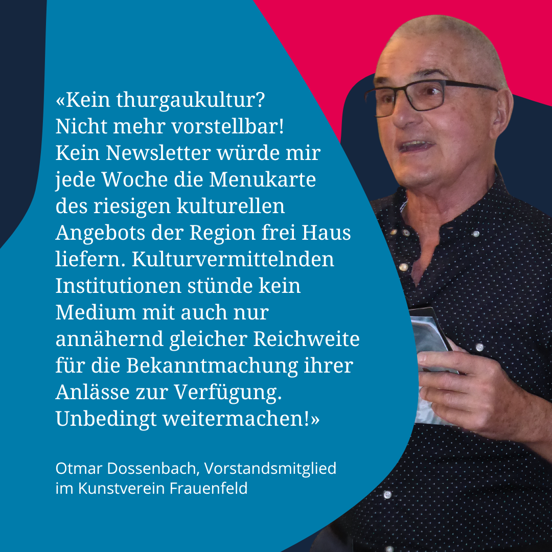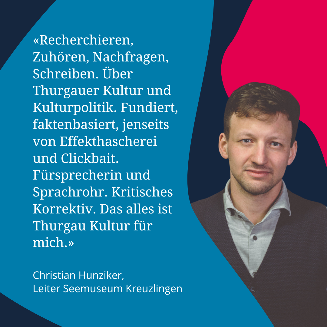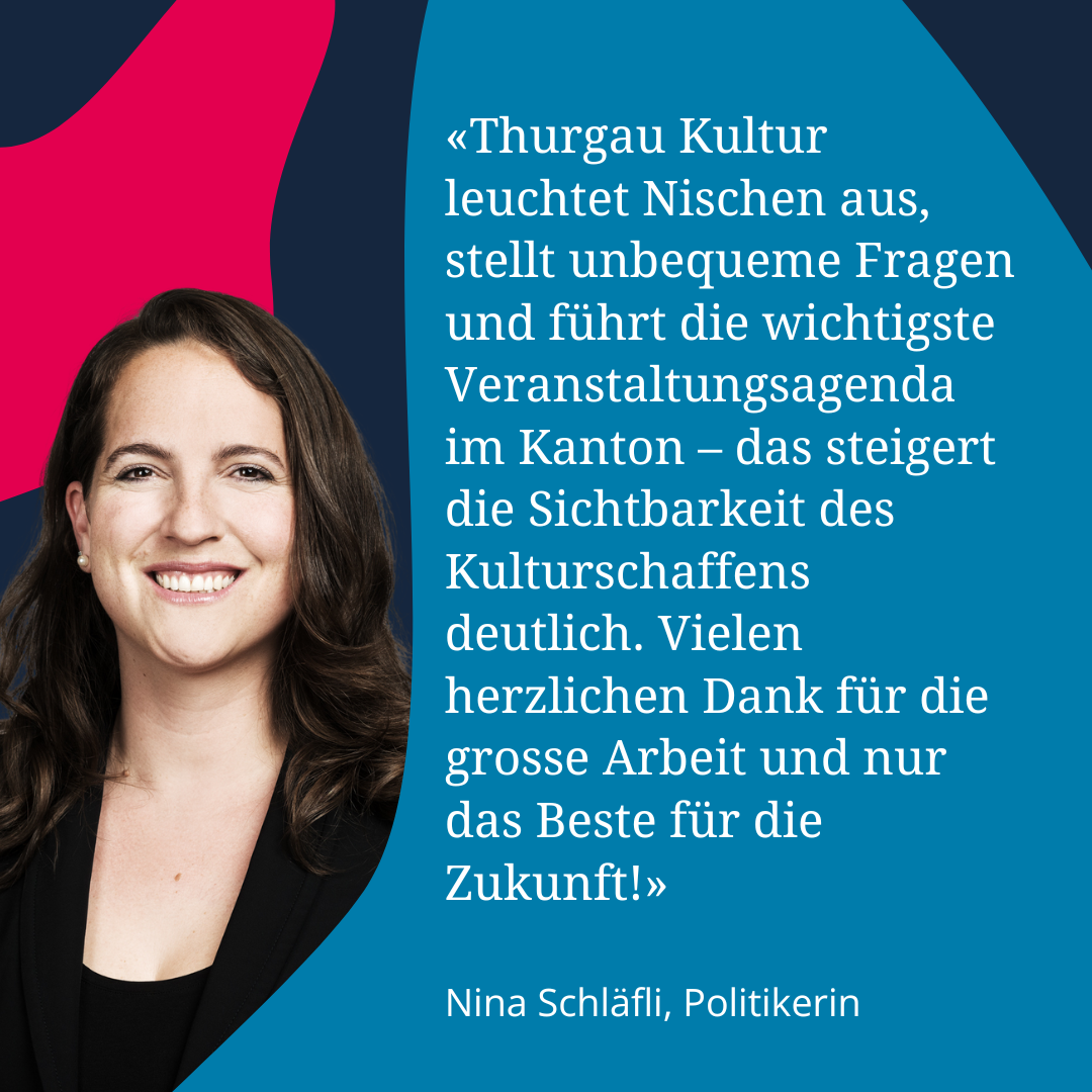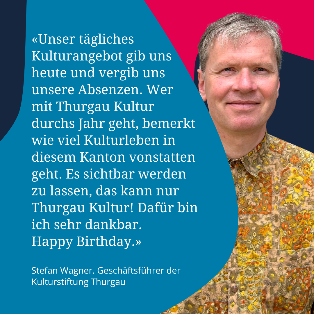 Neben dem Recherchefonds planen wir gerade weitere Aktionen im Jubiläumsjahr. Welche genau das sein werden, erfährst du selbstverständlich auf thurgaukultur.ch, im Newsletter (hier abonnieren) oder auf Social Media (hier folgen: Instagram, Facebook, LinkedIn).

--

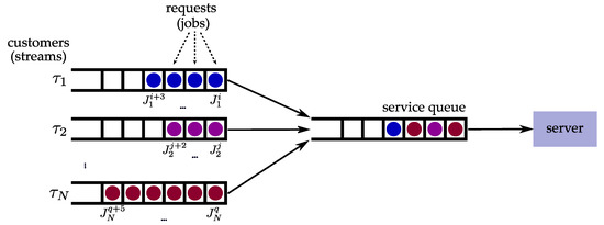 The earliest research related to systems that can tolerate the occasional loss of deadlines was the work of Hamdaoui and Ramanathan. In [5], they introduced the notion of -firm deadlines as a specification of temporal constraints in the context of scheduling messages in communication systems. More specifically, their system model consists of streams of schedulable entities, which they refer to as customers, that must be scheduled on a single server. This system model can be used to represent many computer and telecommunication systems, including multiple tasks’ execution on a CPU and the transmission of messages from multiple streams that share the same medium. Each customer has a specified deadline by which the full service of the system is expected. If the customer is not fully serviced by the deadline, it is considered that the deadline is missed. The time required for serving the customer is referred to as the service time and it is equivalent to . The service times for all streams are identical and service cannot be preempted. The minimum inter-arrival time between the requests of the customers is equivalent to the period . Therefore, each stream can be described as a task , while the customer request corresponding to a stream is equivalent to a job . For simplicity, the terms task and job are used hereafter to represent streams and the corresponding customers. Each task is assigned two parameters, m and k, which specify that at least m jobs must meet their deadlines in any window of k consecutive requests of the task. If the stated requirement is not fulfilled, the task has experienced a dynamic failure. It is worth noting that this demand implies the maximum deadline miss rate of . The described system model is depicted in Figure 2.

...

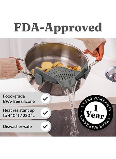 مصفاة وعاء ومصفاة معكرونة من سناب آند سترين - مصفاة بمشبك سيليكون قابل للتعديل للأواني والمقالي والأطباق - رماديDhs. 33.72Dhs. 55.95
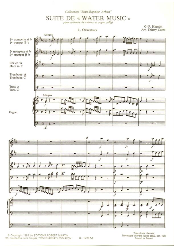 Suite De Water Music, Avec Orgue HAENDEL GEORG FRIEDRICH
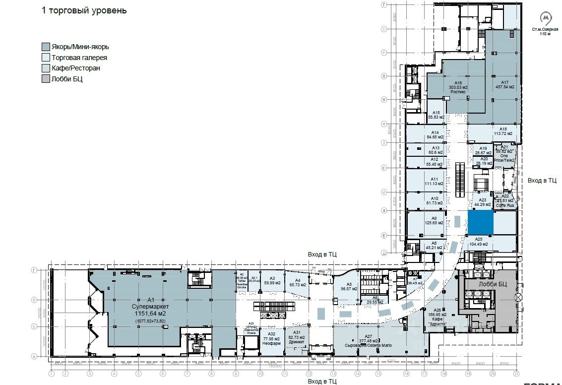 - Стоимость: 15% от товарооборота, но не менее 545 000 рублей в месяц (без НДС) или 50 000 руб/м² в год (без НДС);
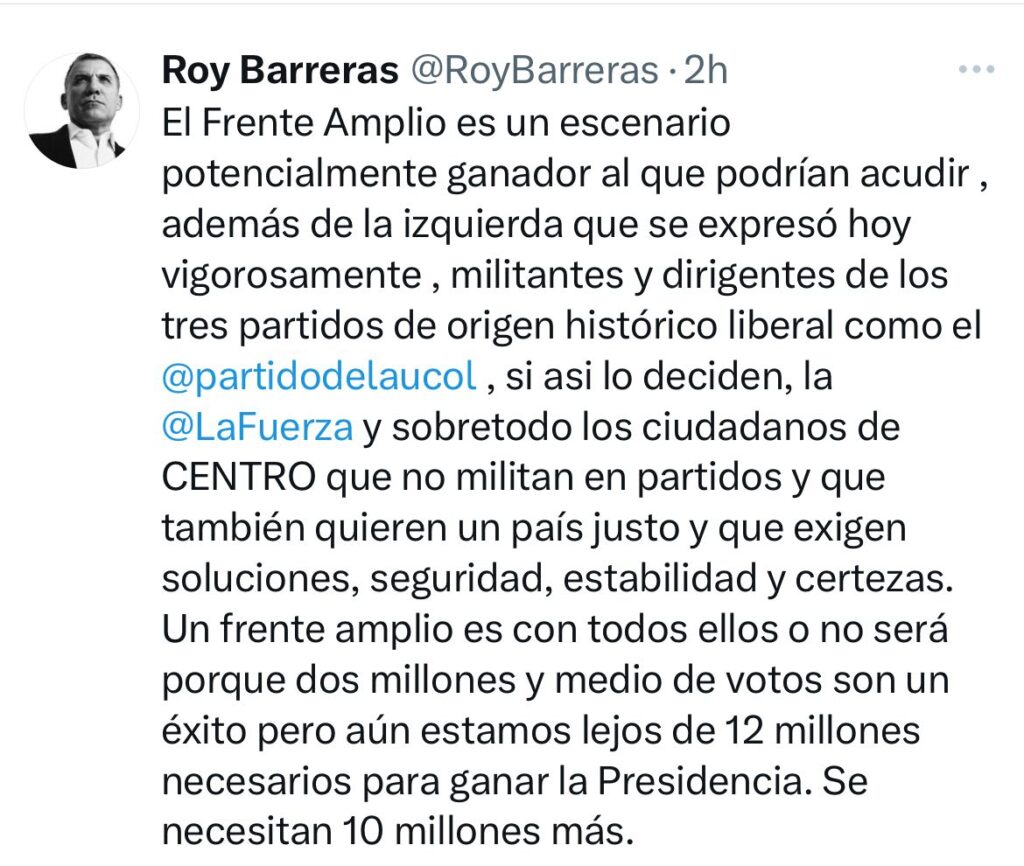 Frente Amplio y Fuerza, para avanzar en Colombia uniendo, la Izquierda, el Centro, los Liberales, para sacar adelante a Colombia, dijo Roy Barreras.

What is needed: What you need to produce is an exact copy of the entries above, limited to the lines from the one with "Suite De Water" up to and including the one with "Frente Amplio y", without pictures.

Expected output:
 Suite De Water Music, Avec Orgue HAENDEL GEORG FRIEDRICH
 - Стоимость: 15% от товарооборота, но не менее 545 000 рублей в месяц (без НДС) или 50 000 руб/м² в год (без НДС);
 Frente Amplio y Fuerza, para avanzar en Colombia uniendo, la Izquierda, el Centro, los Liberales, para sacar adelante a Colombia, dijo Roy Barreras.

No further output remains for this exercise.